EXCERPTED RECORDS section start

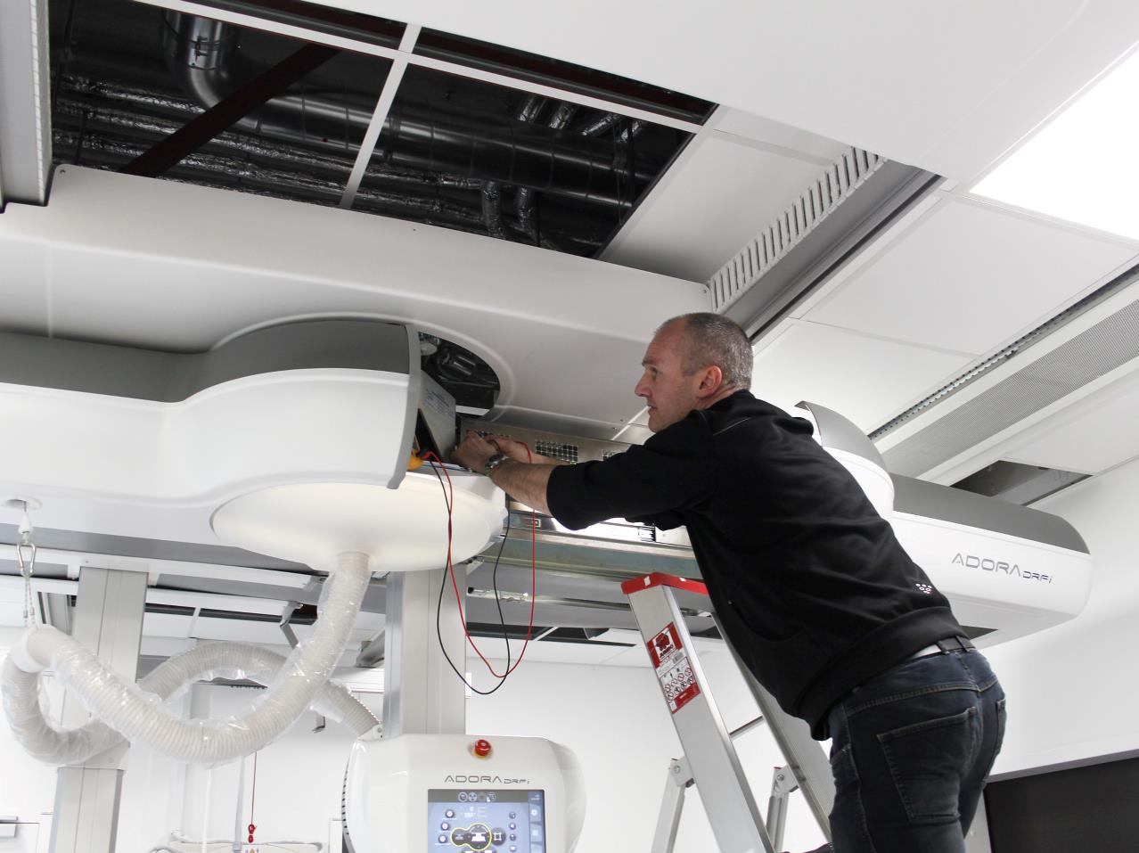 Installation af nyt udstyr er en af kerneopgaverne hos Santax Medico. Her er røntgentekniker Henrik D. Poulsen i gang med en installation på røntgenafdelingen på Regionshospitalet Gødstrup, før det nye hospital blev taget i brug i 2021
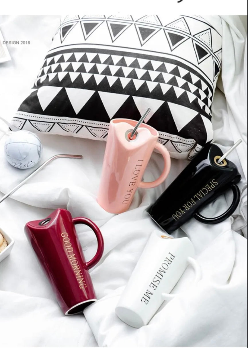 Tea Coffee Mugs for Boys Grils Stylish Coffee Mugs For Couple With Reuseable Straw
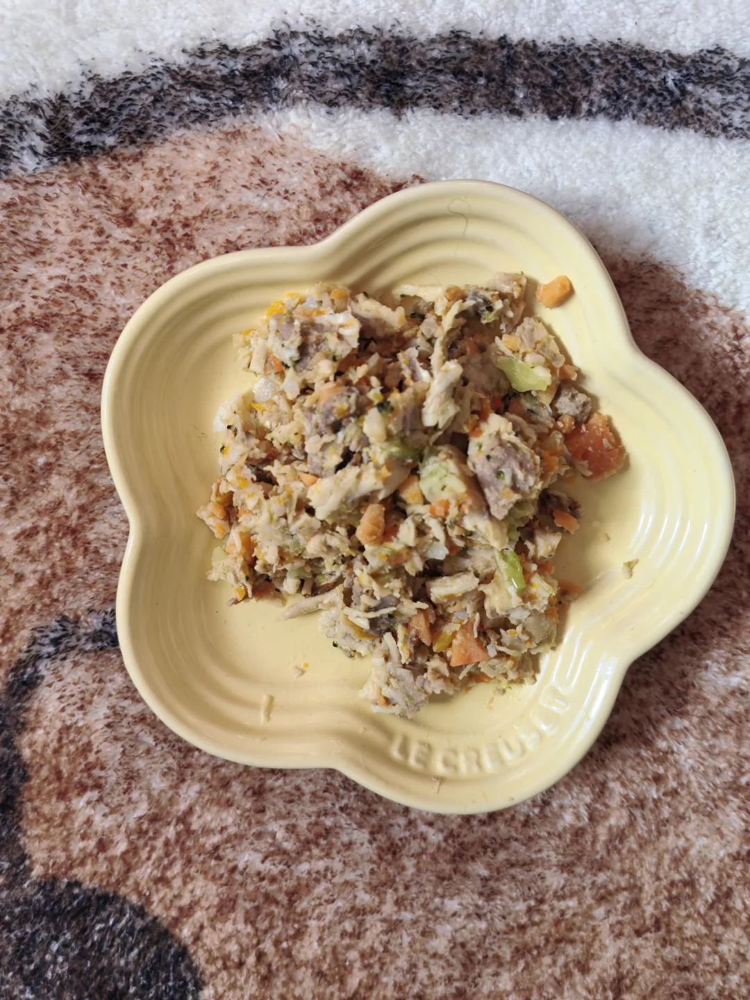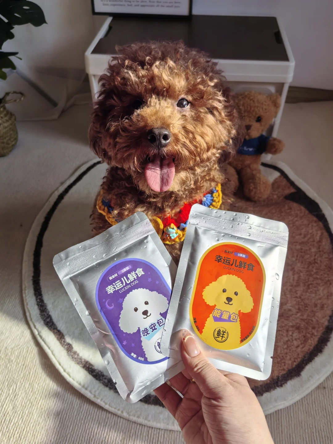 谁懂啊!之前我家狗吃饭得我端着碗追着喂,自从换了幸运儿鲜食,每天到点就蹲我脚边扒腿催饭… 一拆袋就是肉香,配料表看得我都放心:鸭胸肉、牛肉这些鲜荤,混着欧芹、番茄之类的果蔬,连补钙都是鸡蛋壳粉这种天然的,没那些乱七八糟的添加剂。 包装也很细节!遮光密封的小袋,拆一袋吃一袋,不像之前的粮开袋没几天就潮了。我家是玻璃胃,按它给的7天换食法慢慢过渡,居然没软便,现在拉的粑粑都没那么臭了hhh 听说还能一对一定制食谱,快多年了,给这只挑食小狗也把年货安排上啦~
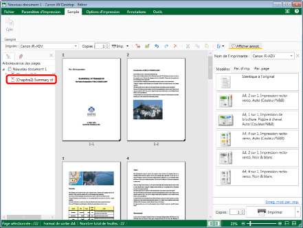 Les chapitres copiés peuvent également être collés dans un autre document.
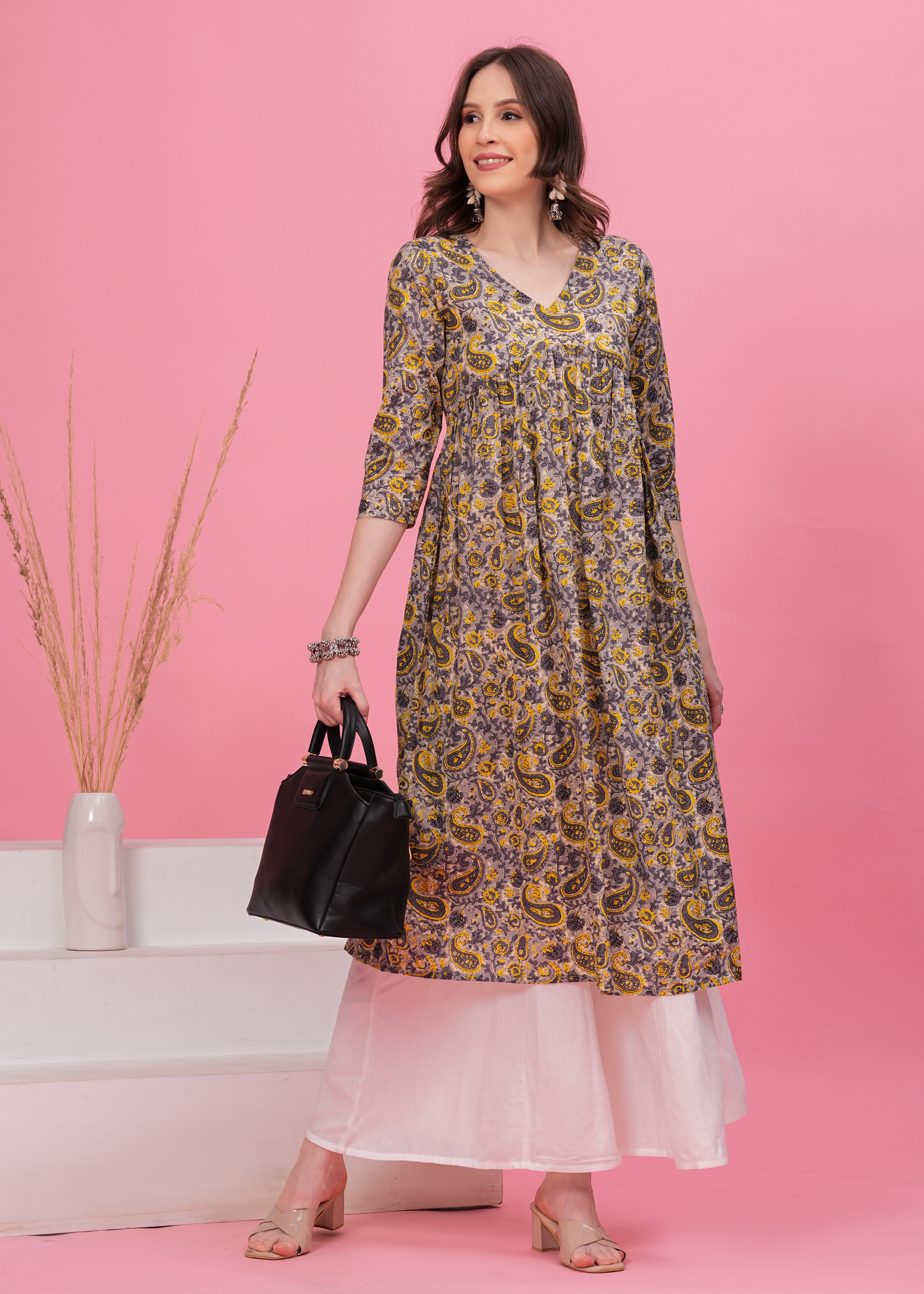 Expertly crafted v neck flared kurta, featuring a beautiful paisley print. This stylish and comfortable piece is perfect for any occasion, offering a flattering fit and versatile style. Made with high-quality materials, it will be a valuable addition to your wardrobe.
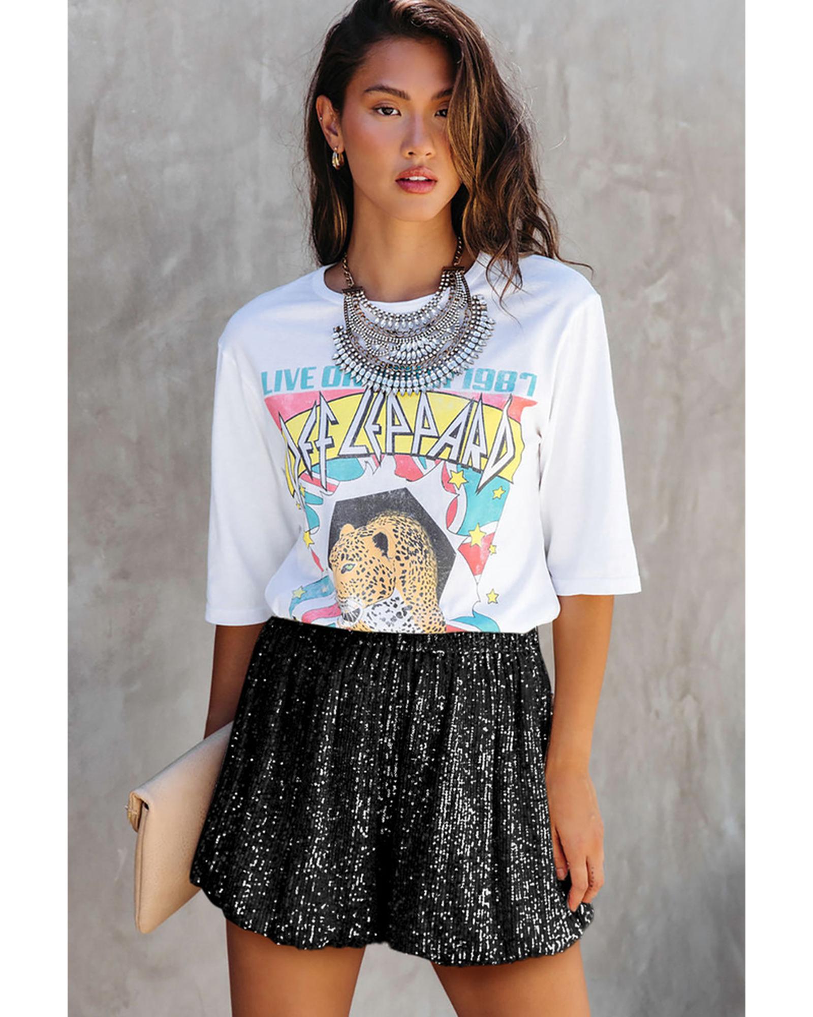 Azura Exchange Sequin High Waist Casual Shorts - XL

EXCERPTED RECORDS section end

Output the records above unchanged, minus their pictures.

 Installation af nyt udstyr er en af kerneopgaverne hos Santax Medico. Her er røntgentekniker Henrik D. Poulsen i gang med en installation på røntgenafdelingen på Regionshospitalet Gødstrup, før det nye hospital blev taget i brug i 2021
 Tea Coffee Mugs for Boys Grils Stylish Coffee Mugs For Couple With Reuseable Straw
 谁懂啊!之前我家狗吃饭得我端着碗追着喂,自从换了幸运儿鲜食,每天到点就蹲我脚边扒腿催饭… 一拆袋就是肉香,配料表看得我都放心:鸭胸肉、牛肉这些鲜荤,混着欧芹、番茄之类的果蔬,连补钙都是鸡蛋壳粉这种天然的,没那些乱七八糟的添加剂。 包装也很细节!遮光密封的小袋,拆一袋吃一袋,不像之前的粮开袋没几天就潮了。我家是玻璃胃,按它给的7天换食法慢慢过渡,居然没软便,现在拉的粑粑都没那么臭了hhh 听说还能一对一定制食谱,快多年了,给这只挑食小狗也把年货安排上啦~
 Les chapitres copiés peuvent également être collés dans un autre document.
 Expertly crafted v neck flared kurta, featuring a beautiful paisley print. This stylish and comfortable piece is perfect for any occasion, offering a flattering fit and versatile style. Made with high-quality materials, it will be a valuable addition to your wardrobe.
 Azura Exchange Sequin High Waist Casual Shorts - XL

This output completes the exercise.